We used the "Pf7 dataset" from the MalariaGEN P. falciparum Community Project, which can be accessed at ftp://ngs.sanger.ac.uk/production/malaria/Resource/34/Pf7.zarr.zip or from the malariagen_data python library. This dataset contains genotype calls on 10,145,661 SNPs and short indels across 20,864 samples from 33 countries, structured in an xarray format. Out of the 16,203 whole-genome sequencing samples that passed MalariaGEN's quality control measures, we selected a subset of 10,348 samples that had an Fws value of ≥ 0.95. The Fws values for all samples were retrieved from https://www.malariagen.net/sites/default/files/Pf7_fws.txt. We used custom Python code to select the samples and specific coordinates of interest (chromosome and genomic position). The population annotation for each sample was obtained from https://www.malariagen.net/sites/default/files/Pf7_samples.txt. We calculated the percentage of the alternative allele for each population.
-
GATK_ins: This directory houses the input files required for the Genome Analysis Toolkit (GATK), a software package designed for the analysis of high-throughput sequencing data. It includes various formats of the reference genome (Pf3D7_all_v3), along with scripts and configuration files.
-
GATK_outs: This directory stores the output files generated by the GATK analysis pipeline. It contains the file 'hsog3catall_filtered_snps.ann.vcf', which is a Variant Call Format (VCF) file comprising SNP calls from the HSOG3 isolate after filtering and annotation. Please note that to ensure patient confidentiality and privacy, the raw sequencing data obtained from the clinical isolate cannot be shared publicly. It also contains the file 'magical_franklin_report.csv', which is a report generated by the GATK pipeline that provides a comprehensive overview of the sequencing data and variant calling results.
-
HSOG_Pf7_SNP_analysis: This directory encompasses files related to the SNP analysis of the HSOG clinical isolate. The 'DR_genes.csv' file provides information about the list of drug resistance genes curated for this study. The 'geo_barcode.tsv' file, obtained from the malaria-profiler database, contains information about geographically informative SNPs. The 'Pf7_sample_index_FWS_095.txt' file includes sample indexing information for the Pf7 dataset samples with an Fws value of ≥ 0.95. The Python scripts 'pf7.py' and 'vcf_subset.py' contain code used for data analysis.
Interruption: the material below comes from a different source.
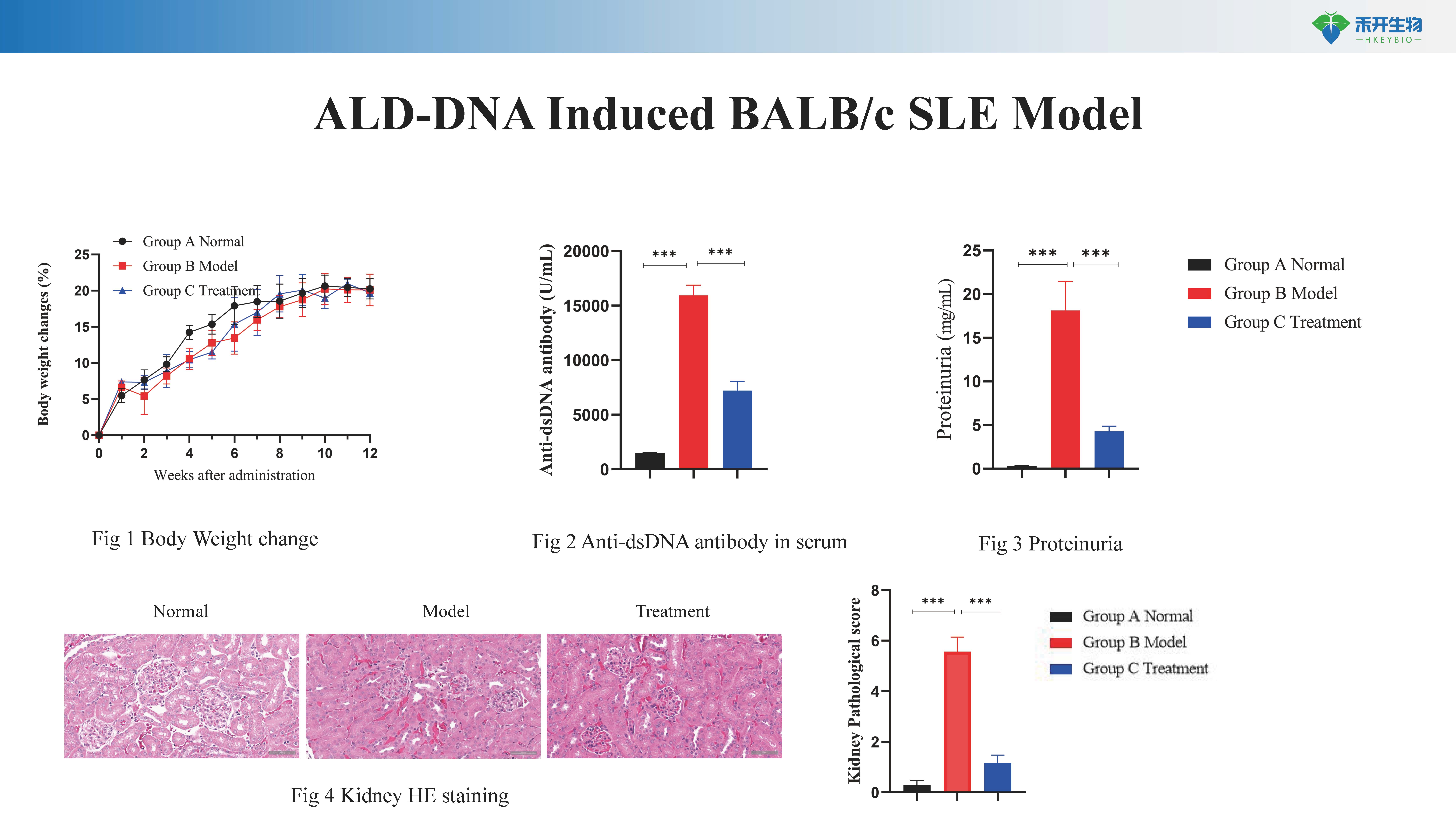 | ● Modelo BALB/c SLE inducido por ADN-ALD 【Mecanismo】 La principal característica del LES es la producción de Abs anti-ADN bicatenario (anti-ADNbc). La inmunización con ADN derivado de linfocitos activado (ALD-DNA) podría inducir un síndrome similar al lupus eritematoso sistémico en ratones singénicos, muy parecido a la patogénesis del LES humano. Este modelo puede ayudar a dilucidar el mecanismo implicado en el desarrollo del LES.
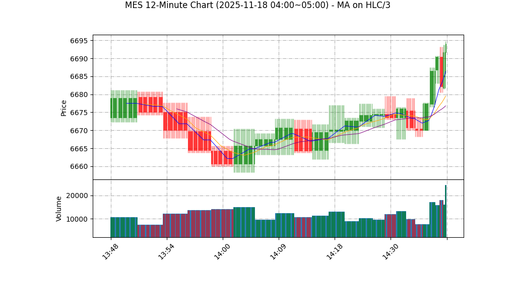 – MA20(6758) vs 现价(6696.50):现价低于MA20 ≔ 中短期趋势偏空,MA20作为首要阻力;给予该信号中等权重(30%)。

If you use this in your project, please cite it as follows:
BibTex format
@article{Casanova_2023,
title={Artemisinin resistance-associated gene mutations in Plasmodium falciparum: A case study of severe malaria from Mozambique},
ISSN={1477-8939},
url={http://dx.doi.org/10.1016/j.tmaid.2023.102684},
DOI={10.1016/j.tmaid.2023.102684},
journal={Travel Medicine and Infectious Disease},
publisher={Elsevier BV},
author={Casanova, Daniela and Baptista, Vitória and Costa, Magda and Freitas, Bruno and Pereira, Maria and Calçada, Carla and Mota, Paula and Kythrich, Olena and Pereira, Maria Helena Jacinto Sarmento and Osório, Nuno S. and Veiga, M Isabel},
year={2023},
month={dec},
}
APA format
Casanova, D., Baptista, V., Costa, M., Freitas, B., Pereira, M., ... Osório, N. S. & Veiga, M. I. (2023). Artemisinin resistance-associated gene mutations in Plasmodium falciparum: A case study of severe malaria from Mozambique. Travel Medicine and Infectious Disease, 102684. doi:10.1016/j.tmaid.2023.102684
We extend our gratitude to all individuals who contributed directly or indirectly to this project, providing valuable insights and expertise.